CLINTON — A special-use permit for a proposed DeWitt County gun club could come before the DeWitt County Board next week, in what could be a showdown between club members and neighbors opposed to the plan.

The LeRoy Rifle and Pistol Club officials announced Monday night at the DeWitt County Zoning Board of Appeals meeting that they have purchased additional land near the property, which will alleviate previous concerns about access.

“The club members will now have access from the road, and the issue of access has been muted by that purchase,” said Amy Rupiper, an attorney for the club.

The club purchased 40 acres northwest of Wapella in 2016 and announced plans to convert the property into a gun range and meeting place. The club is currently near LeRoy, but a lease on the property is due to expire soon.

Club members presented their plans to the county board in August 2016, but the board delayed a decision because of access concerns.
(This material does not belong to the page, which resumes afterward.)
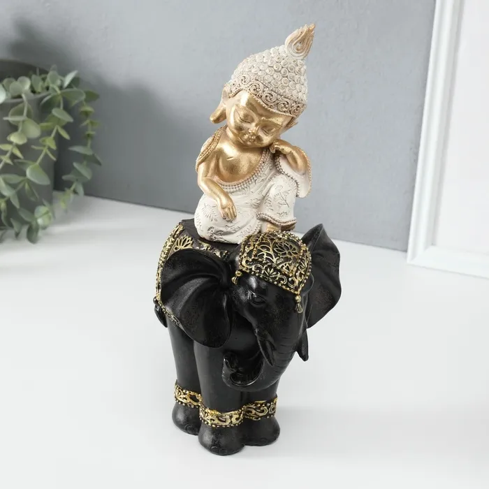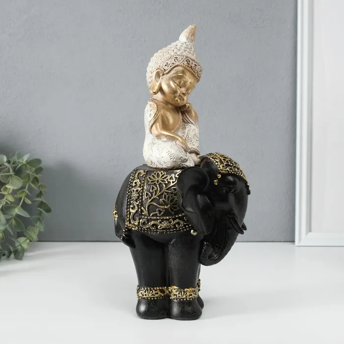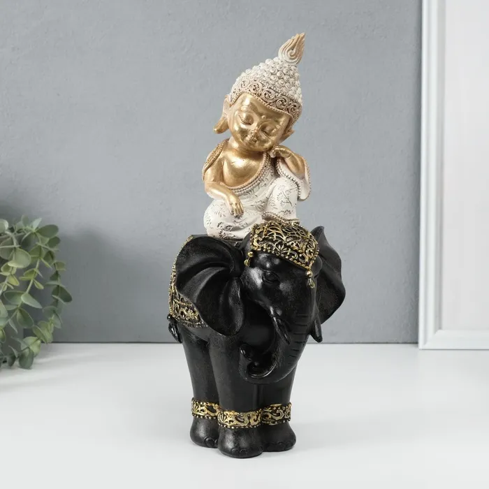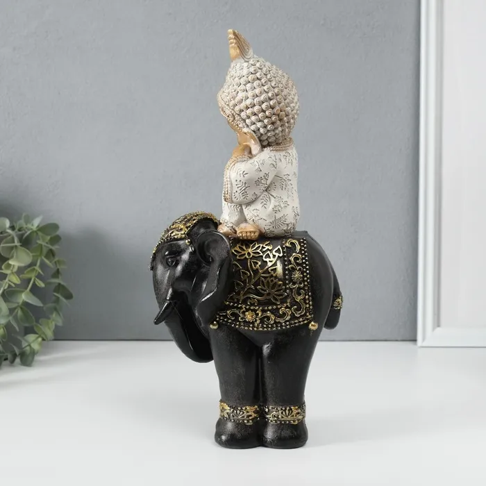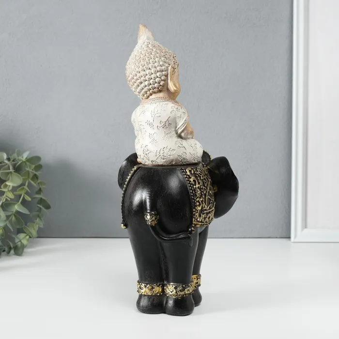 Сувенир полистоун "Маленький Будда на чёрном слоне" 14х14х30 см — Характеристики

The property was landlocked, and county officials said the club would need an easement through an adjoining property before approval. The special-use permit was sent back to the Zoning Board of Appeals with instructions to address that issue.

The club sued Funderberg for access, and DeWitt County Judge Gary Webber ruled the club is entitled to an easement, but only for personal or agricultural use, and not for business use. The two sides differ on the interpretation of the ruling. The gun club appealed, saying the judge was wrong in applying restrictions on the easement. That appeal is pending.

The zoning board of appeals previously recommended approval to the county board for the gun range, but on Monday, voted against approval since the original concern — the easement through Funderberg’s property — was still being litigated.

“The county board instructed us to resolve the access issue,” board member Dave Waters said. “The fact that this is still under litigation tells me that the issue is not resolved.”

Rupiper argued that because of the purchase of the new property, the issue of the easement on Funderberg’s property was no longer a concern.

Zoning board of appeals Chairman Andy Hedrick said that the purchase of the new property is not a matter for his board, and the only thing the board could vote on was a recommendation if the easement on Funderberg’s property was resolved. The board voted 4-1 against recommendation, but the matter will still go to the county board for a final decision.

Funderberg’s attorney, Joe Taylor, said his client will continue to fight the proposed club.

“These 40 acres should never have been purchased for this,” he said. “Anyone with any common sense would have taken an option on this and checked these things out. There are four $250,000 homes within 200 or 300 yards of this property. The zoning law said you can’t have a gun club within a mile of a home. What they are not telling you is that they don’t qualify.”

About 25 people attended the zoning board of appeals meeting, including several members of the club. The county board is scheduled to meet Oct. 16.